SGLT2 acts as a sensor of nutrient overabundance,124 and thus there is an inverse relationship between SGLT2 and SIRT1125 (which functions as the principal sensor of nutrient deprivation126); simultaneously, there is a direct relationship between the intensity of proximal tubular sodium‐glucose reabsorption and the activation of Akt/mTOR.54 When the actions of SGLT2 are inhibited, the resulting urinary loss of calories triggers systemic transcriptional reprogramming that closely mimics that seen during states of nutrient deprivation.127 The depletion of tissue nutrients that follows glycosuria leads to the activation of SIRT1 and AMPK and the suppression of kinases that are normally activated by nutrient excess (Akt and mTOR) (Figure).127, 128 Several SGLT2 inhibitors have been shown to upregulate SIRT1 and AMPK while suppressing the Akt/mTOR pathway,38, 127, 128, 129, 130, 131, 132 thus explaining the ability of these drugs to promote autophagy in diverse organs, including the heart.36 The induction of autophagy underlies the ability of SGLT2 inhibitors to mute oxidative stress, promote organellar integrity, suppress proinflammatory pathways, and ameliorate the course of cardiomyopathy.34, 35, 36, 37, 38, 39 Importantly, because nutrient deprivation signaling is a system‐wide response, these benefits do not depend on the expression of SGLT2 in the heart.

Figure 1

Effect of SGLT2 inhibitors on nutrient‐deprivation and nutrient‐excess sensor signaling and the development of cardiomyopathy.

Akt indicates Akt/protein kinase B; AMPK, adenosine monophosphate‐activated protein kinase; mTORC1, mammalian target of rapamycin complex 1; SGLT2, sodium‐glucose cotransporter 2 inhibitors; and SIRT1, sirtuin‐1.

CONCLUSIONS

Drugs that act primarily as diuretics or on hemodynamic variables can exert rapid effects on cardiac output, cardiac filling pressures, systemic vascular tone, or natriuretic peptides, and they can produce immediate effects to alleviate symptoms of congestion. However, long‐term treatment with these drugs often produces little benefit on the progression of heart failure and may increase the risk of death. In contrast, neurohormonal antagonists typically exert little immediate effect on symptoms or quality of life, but over time, they act to reduce morbidity and mortality because they shield the myocardium from the effects of endogenous mechanisms that can cause cellular stress and injury.

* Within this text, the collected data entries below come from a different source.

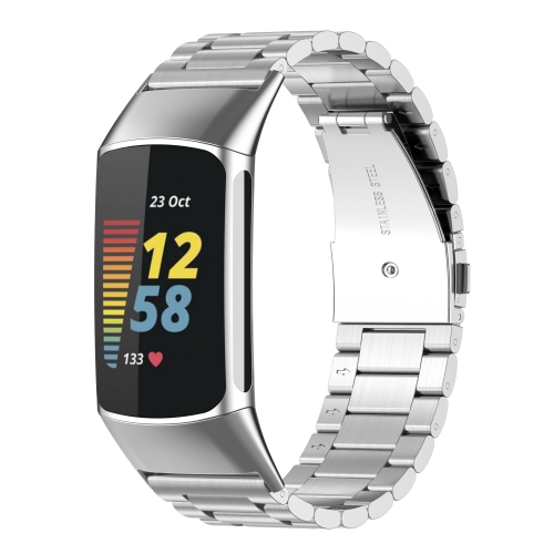 StrapsCo Two-Tone Stainless Steel Watch Strap Band for Fitbit Charge 5 - Silver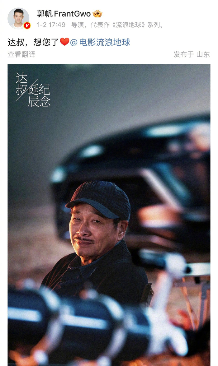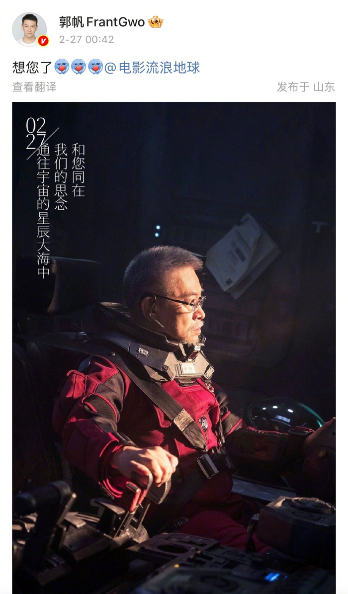 #郭帆今年第二次发文纪念吴孟达#【网友建议:#用最新AI在流浪地球3复活姥爷#】2月27日,吴孟达去世五周年之际,《流浪地球》系列导演@郭帆FrantGwo 凌晨发文“想您了”,并配了一张吴孟达在《流浪地球》中的海报剧照。这是郭帆今年第二次发文纪念吴孟达,上次是1月2日。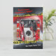 This unique thank you note features a real fire truck and fireman gear, against a smokey background.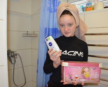 „Das Wasser in der Dusche ist richtig warm!“ „Ich habe meine Haare mit dem Shampoo aus Deutschland gewaschen. Jetzt duften sie und glänzen.“ Unsere Kinder freuen sich, wenn sie in unseren Kinderhäusern duschen können. Zuhause haben sie oft kein fließendes Wasser, keine Körperpflegemittel und können ihre Kleidung nicht in einer Waschmaschine waschen.

The pattern of responses to SGLT2 inhibitors closely mimics that of established neurohormonal antagonists. These drugs have limited immediate benefits on symptoms, quality of life, or natriuretic peptides, but sustained therapy reduces the risk of serious heart failure events. Experimentally, SGLT2 inhibitors ameliorate cellular stress, preserve mitochondrial integrity, and attenuate proinflammatory pathways, a profile of effects similar to that seen with inhibitors of the renin‐angiotensin system, β‐blockers, mineralocorticoid receptor antagonists, and neprilysin inhibitors. In addition, SGLT2 inhibitors promote the activation of SIRT1/AMPK and inhibit signaling through Akt/mTOR, thereby enhancing the cellular housekeeping process of autophagy and its effects to ameliorate cytosolic stress, enhance cellular survival, and ameliorate the development of cardiomyopathy. Similar effects on SIRT1/AMPK and Akt/mTOR as well as on autophagy have been noted with conventional neurohormonal antagonists. The striking parallelism of these molecular, cellular, and clinical profiles suggests that SGLT2 inhibitors should be regarded as neurohormonal antagonists when they are prescribed for the treatment of chronic heart failure with a reduced ejection fraction.

Sources of Funding

None.

Disclosures

Dr Packer has recently consulted for Abbvie, Actavis, Akcea, Amgen, AstraZeneca, Boehringer Ingelheim, Cardiorentis, Daiichi Sankyo, Johnson & Johnson, NovoNordisk, Pfizer, Sanofi, Synthetic Biologics, and Theravance.